New Red State Soundsystem single – “Entropy”

The new Red State Soundsystem single, “Entropy”, was inspired by Neil Gaiman and Mike Carey’s take on the character of Lucifer in DC’s Vertigo comics line (specifically Gaiman’s Sandman and Carey’s Lucifer). It’s also a bit of an experimental track.

The vocal treatments were achieved by tripling the lead vocal, pitch-shifting it, and doing some other various weirdness to everything. It was inspired by the way Scorsese treated Satan’s voice in The Last Temptation Of Christ. (Which was probably just an Eventide Harmonizer.) All vocals, needless to say, are mine. I was also attempting to do something a bit more straight-up “rock” than the usual RSS tracks, though it of course still ended up being weird.

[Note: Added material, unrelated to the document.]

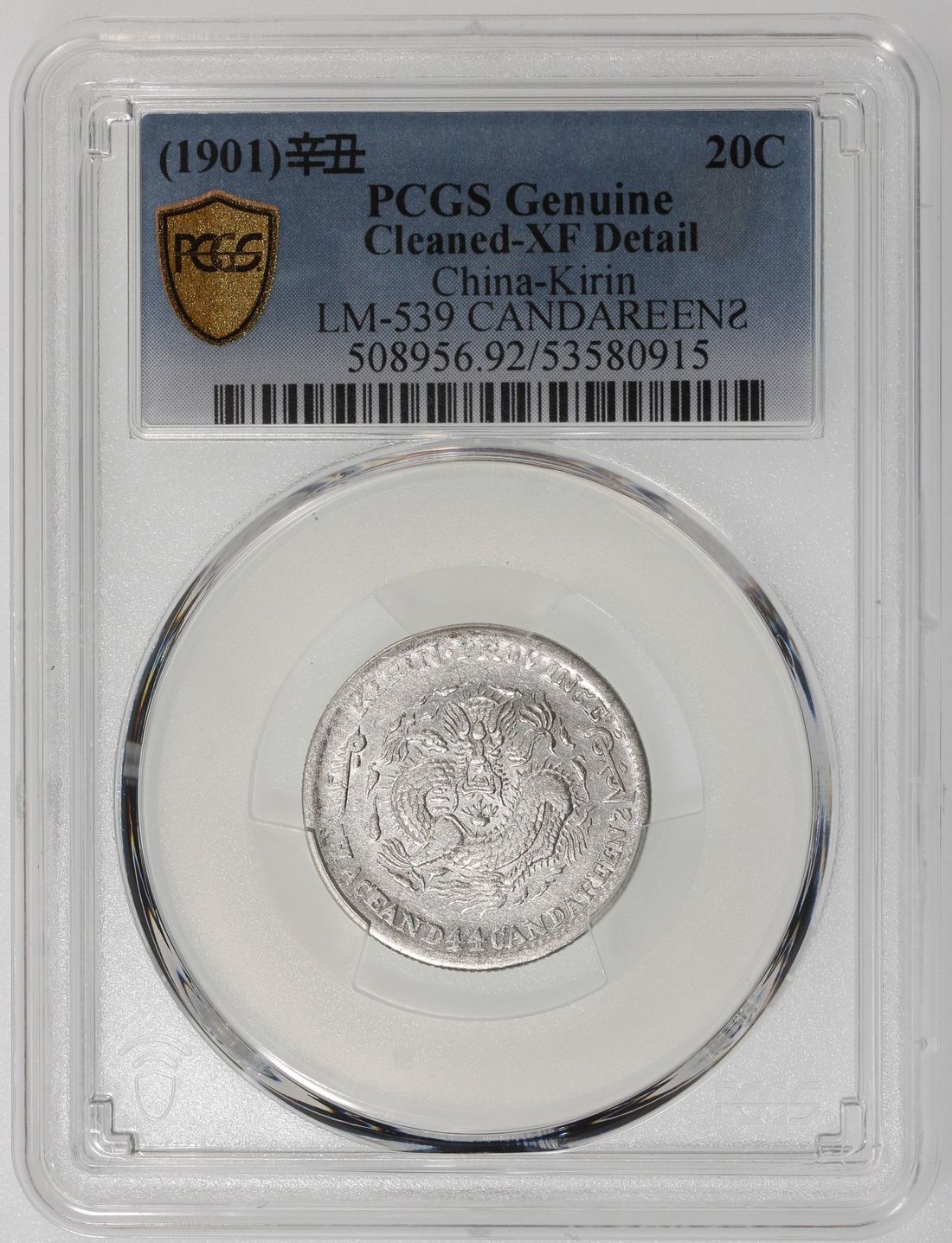 (x) China, Qing Dynasty, Kirin Province, [PCGS XF Detail] silver 20 cents, Xinchou year (1901), 'Guang Xu Yuan Bao', type with laterally inverted 'S' in 'CANDAREENS', (LM-539, K-438a), Cleaned, Cert. #53580915

I’m not sure about this track — I like it a lot, but I don’t know if RSS fans will. But I figure it’s my job to try new things. Some of them stick, some don’t.

The b-side is an acoustic version of “Berlin Floor Show” with some additional lyrics (not mine).

Corollary thoughts on auditory AR/ambient stuff

  • Many years ago I read about a dude who’d converted Unix server logs into a real-time auditory environment — specifically, a rain forest. Server load controlled the level of the rain, CGI calls were bird chirps, potential malicious attacks were the cough of a jaguar, etc. Sadly, I can’t find any info on this anymore. Anybody know anything?
  • A simpler, easy-to-implement application: you assign musical DNA traits to individual aspects of your collected data stream, and your Pandora/Last.fm/MOG/whatever retrieves music accordingly. For example: whenever I receive new mail, play “excited” music. Or whenever I sell an item on Etsy, play Iggy Pop’s “Success”. It’s not matching music to your mood, it’s matching it to your information landscape.
  • Once I turn on Stikki’s “local only” feature, I’m thinking of seeding the world with microcompositions — music only available when the user is in a specific location. Like “Soundtrack to the corner of Maryland and Harmon”.
  • Somebody ought to pay me to think about this stuff. Everybody email Joi and tell him to hire me at the Media Lab. 😉

Augmented (non-visual) reality

Been thinking a lot about augmented reality recently, for fairly obvious reasons. The other night I was talking to Yiying Lu at the first LaunchUp Las Vegas about AR and the possibilities inherent in it, and it got me thinking.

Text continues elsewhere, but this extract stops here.